Fig 4.26. Fixation of the molecule on a surface through avidin intermediate.

The sequences of the staples that we changed are as follows:

NameSequence
Biotin (192)Biotin 5’ TT TTT TTT TTT GGT GTA TCA CCG TAC TCA GAA TTT AGG CAG AGG CAT TTT TTT 3’
Biotin (111)Biotin 5’ TT TTT TTT TTT TTT TTT TAG CAG CAC CGT AAT CAG TAA TTA GCG TTT GCC ATC TTT TTT T 3’
Biotin (133)Biotin 5’ TT TTT TTT TTT TTT AAG TTT ATT TTG TCA CAA AGA CAC CAC GGA ATT TT 3’
Biotin (193)Biotin 5’ TT TTG CAG CCT TTA CAG AGA GAA CCA ATA ATA TTT T 3’

Table 4. Staples modified with biotin to enable fixation.

   As in the previous experiment, the magnetic bead was attached to the inner tube using biotinylated staple, however for them to not intervene with other biotinylated staple, they had to be replaced with DNA staples with a different modifier, in this case amino modifier or the addition of NH2 and a 12 carbon intermediate. In turn, the magnetic bead should be replaced with carboxyl group coated magnetic beads.

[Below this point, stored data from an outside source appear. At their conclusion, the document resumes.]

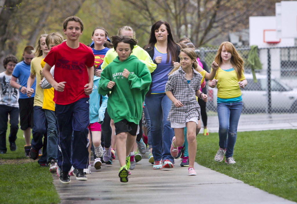 Students at Roosevelt Elementary in Boise run a silent mile in honor of victims of the Boston Marathon bombing Friday. Fifth and sixth grade teacher Stephanie Williams said her students came up with idea on their own after watching events from the bombing during a current events session. “One student asked if they could run a mile in silence to think about the victims,” Williams said. “Every student raised their hand to volunteer, thought that was really neat coming from 12-year-olds.” (AP/Statesman Photo: Darin Oswald)
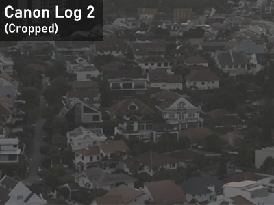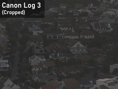 In the close-up crops, details in the shadow areas, such as the trees surrounding the houses, are more distinct in the Canon Log 2 footage than the Log 3 footage.
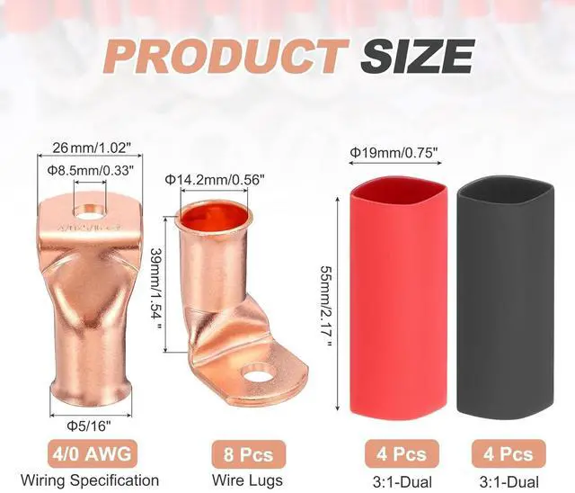 This Copper Cable Lug is made of copper and is installed using crimp method. It has a wiring specification of 4/0 Awg, with a terminal hole diameter of 5/16 inches and a head inner diameter of 14.2mm/0.56 inch. The total size is 39x26x8.5mm/1.54x1.02x0.33 inch and comes with 8 wire lugs including 8 3:1 heat shrink tubes (4 black + 4 red). The 3:1 heat shrink tubing size is 19.0mmx55mm/0.75x2.17 inch
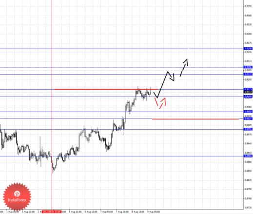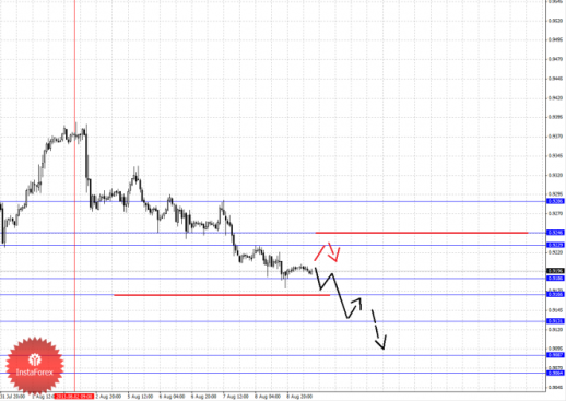 По паре Доллар/Канадский доллар ключевыми уровнями являются: 1.0572, 1.0520, 1.0496, 1.0456, 1.0437, 1.0397, 1.0372, 1.0357, 1.0301, 1.0270, 1.0217 и 1.0196. Здесь от 7 августа формируется потенциал для развития нисходящей тенденции, однако восходящая структура от 31 июля по-прежнему актуальна для определения целей. Продолжения движения книзу ожидаем после пробоя 1.0301, в данном случае цель 1.0270, в этом диапазоне консолидация цены. Пробой уровня 1.0270 должен сопровождаться выраженным восходящим движением, что приведет к отмене восходящей структуры от 31 июля, в данном случае цель 1.0217. Потенциальным значением для низа считаем уровень 1.0196, по достижении которого ожидаем консолидированное движение. Краткосрочное восходящее движение возможно в коридоре 1.0357–1.0372, пробой последнего значения приведет к углубленной коррекции, здесь цель 1.0397, этот уровень является ключевым сопротивлением для развития восходящей структуры, его пробой позволит рассчитывать на движение к первой цели – 1.0397.

Sequences of the staples are as following:

NameSequence
NH2 (199)NH2 (12C) 5’ TA AAA GAA GTT TTT TCC AGA CGT TTT 3’
NH2 (198)NH2 (12C) 5’ TT TTT TAG TAA ATG AAT TTT GTC GTC TGC CAG AG 3’
NH2 (200)NH2 (12C) 5’ TT TTT TTT AGA GGC GGT TTG AAT AGC GAG AGG CTT TTG CTT TT 3’

Table 5. Staples modified for connection to carboxyl coated magnetic beads.